Tiny stowaways — disease-carrying ticks — can be hidden beneath the armoured scales of pangolins, the world’s most illegally trafficked mammals.
Tiny stowaways — disease-carrying ticks — can be hidden beneath the armoured scales of pangolins, the world’s most illegally trafficked mammals.
These ectoparasitic hitchhikers can transmit infectious agents to humans, livestock and wildlife during the illegal trade and rehabilitation of pangolins, said Zwannda Nethavhani, a postdoctoral fellow at the department of environmental, water and earth sciences at Tshwane University of Technology.
On the sidelines of last week’s 14th Oppenheimer Research Conference, which brought together researchers, policymakers and conservation leaders to advance African-led solutions for biodiversity and climate challenges, she detailed how the transcontinental movement of pangolins and their scales poses spill-over risks to humans and animals.
“They are the world’s most trafficked mammals,” Nethavhani told the Mail & Guardian. “We’ve been tracking that and now we are worried about what they are carrying under their scales — is whatever they’re carrying a threat to the receiving country or where they originated from?”
She and her colleagues studied 17 live pangolins confiscated from trafficking networks for rehabilitation and nine bags of seized scales. “So far, what we’ve found are mites and ticks … The tick species are associated with the transmission of different diseases — diseases that are threats to both humans and animals.”
Using morphological and molecular techniques, the researchers collected 275 ticks, identifying five species: Amblyomma compressum, A. hebraeum, Ornithodoros moubata (previously misidentified as O. compactus probably because of misidentification at the nymphal stage), Rhipicephalus theileri and R. simus.
The research found that, notably, ticks from the three identified genera (a taxonomic group covering more than one species) are known vectors of pathogens causing diseases such as heartwater, anaplasmosis, babesiosis, theileriosis, African swine fever and human relapsing fever.
“These diseases attack red and white blood cells,” Nethavhani said, noting that a tick must be carrying a pathogen to transmit it. “The symptoms that you can start getting are maybe animals and animals getting weak, loss of appetite, skin shedding and the worst case scenario is coma, paralysis and death.”
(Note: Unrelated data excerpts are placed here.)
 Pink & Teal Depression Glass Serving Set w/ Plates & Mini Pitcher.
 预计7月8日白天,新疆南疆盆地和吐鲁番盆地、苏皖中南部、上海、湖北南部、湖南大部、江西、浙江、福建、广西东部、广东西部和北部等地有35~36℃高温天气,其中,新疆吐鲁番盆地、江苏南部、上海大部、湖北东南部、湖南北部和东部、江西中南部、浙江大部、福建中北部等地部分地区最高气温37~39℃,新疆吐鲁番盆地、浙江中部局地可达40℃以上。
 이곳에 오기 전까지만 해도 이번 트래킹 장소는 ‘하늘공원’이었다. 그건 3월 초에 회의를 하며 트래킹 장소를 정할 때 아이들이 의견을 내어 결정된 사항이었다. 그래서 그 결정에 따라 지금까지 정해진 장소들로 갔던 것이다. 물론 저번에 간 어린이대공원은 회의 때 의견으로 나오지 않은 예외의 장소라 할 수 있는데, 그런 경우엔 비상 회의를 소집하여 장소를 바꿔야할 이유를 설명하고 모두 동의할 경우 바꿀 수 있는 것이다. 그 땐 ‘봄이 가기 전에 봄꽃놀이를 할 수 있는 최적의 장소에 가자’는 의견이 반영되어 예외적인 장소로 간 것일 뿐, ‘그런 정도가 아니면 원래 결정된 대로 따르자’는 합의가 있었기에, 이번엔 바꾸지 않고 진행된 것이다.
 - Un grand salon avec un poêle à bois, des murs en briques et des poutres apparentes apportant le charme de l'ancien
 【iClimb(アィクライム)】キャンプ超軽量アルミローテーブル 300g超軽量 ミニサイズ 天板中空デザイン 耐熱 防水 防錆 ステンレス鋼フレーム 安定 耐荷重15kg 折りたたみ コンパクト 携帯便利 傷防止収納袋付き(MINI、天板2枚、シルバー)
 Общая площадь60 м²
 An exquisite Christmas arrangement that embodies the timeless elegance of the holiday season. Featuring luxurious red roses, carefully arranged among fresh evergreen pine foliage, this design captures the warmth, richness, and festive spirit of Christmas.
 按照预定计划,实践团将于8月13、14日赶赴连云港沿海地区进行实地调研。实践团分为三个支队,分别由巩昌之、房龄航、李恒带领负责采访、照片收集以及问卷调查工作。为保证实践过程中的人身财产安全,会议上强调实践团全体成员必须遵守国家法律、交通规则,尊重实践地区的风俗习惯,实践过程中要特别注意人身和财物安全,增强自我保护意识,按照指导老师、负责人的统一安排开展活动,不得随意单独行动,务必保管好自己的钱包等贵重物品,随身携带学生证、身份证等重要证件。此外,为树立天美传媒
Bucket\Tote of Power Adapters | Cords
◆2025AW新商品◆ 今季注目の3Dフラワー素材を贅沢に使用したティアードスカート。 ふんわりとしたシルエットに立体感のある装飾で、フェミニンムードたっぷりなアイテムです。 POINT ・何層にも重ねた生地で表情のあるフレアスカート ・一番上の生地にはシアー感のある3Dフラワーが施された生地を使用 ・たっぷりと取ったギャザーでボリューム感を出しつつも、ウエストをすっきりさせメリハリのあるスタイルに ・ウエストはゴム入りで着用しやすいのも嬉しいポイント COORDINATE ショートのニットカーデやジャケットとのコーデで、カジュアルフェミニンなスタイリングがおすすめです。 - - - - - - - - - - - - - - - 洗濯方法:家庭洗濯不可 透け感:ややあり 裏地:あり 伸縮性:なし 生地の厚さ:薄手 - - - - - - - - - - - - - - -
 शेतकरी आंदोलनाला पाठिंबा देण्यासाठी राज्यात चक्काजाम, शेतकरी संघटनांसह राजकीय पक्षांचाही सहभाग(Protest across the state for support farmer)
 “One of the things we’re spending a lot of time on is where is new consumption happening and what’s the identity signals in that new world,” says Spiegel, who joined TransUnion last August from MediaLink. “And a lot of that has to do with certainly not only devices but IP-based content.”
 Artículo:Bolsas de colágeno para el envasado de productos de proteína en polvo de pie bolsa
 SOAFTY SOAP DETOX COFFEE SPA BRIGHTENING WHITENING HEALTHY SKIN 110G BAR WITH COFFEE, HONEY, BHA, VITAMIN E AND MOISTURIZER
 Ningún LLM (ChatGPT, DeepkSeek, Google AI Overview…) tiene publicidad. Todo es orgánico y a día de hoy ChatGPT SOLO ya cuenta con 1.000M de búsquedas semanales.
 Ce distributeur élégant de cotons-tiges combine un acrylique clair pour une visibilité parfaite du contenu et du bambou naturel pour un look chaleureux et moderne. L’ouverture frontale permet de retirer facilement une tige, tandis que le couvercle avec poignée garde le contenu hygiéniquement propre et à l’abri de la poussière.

Many of the people involved in harvesting pangolins from the wild are driven by poverty or unemployment, often unaware of the potential health risks the animals pose.
“People are looking at the price — what they get when they traffic these animals … Now we can speak as scientists and publish all these manuscripts but the truth is all this trafficking that is happening, it’s connected to a network of people,” she said.
“People at the base — the community members — are being sent by people at high places so now we’ve been looking into whether they know what they’re doing is wrong. Do they know that these specimens that they are carrying around or trafficking harbour life-threatening specimens?”
The results of the research show that pangolin trafficking must not just be framed as a conservation issue, but as a public health concern.
“If we can’t stop this trade purely for wildlife protection, maybe we can stop it for health. We want people to understand the risks — not just to the pangolins, but to communities and the environment,” Nethavhani said.
She advocates for strengthened health screening of confiscated pangolins before rehabilitation or release; the integration of ectoparasite monitoring into wildlife trade surveillance; enhanced awareness among wildlife officers and vets about zoonotic risks and further research into the pathogens carried by pangolin-associated ticks and mites.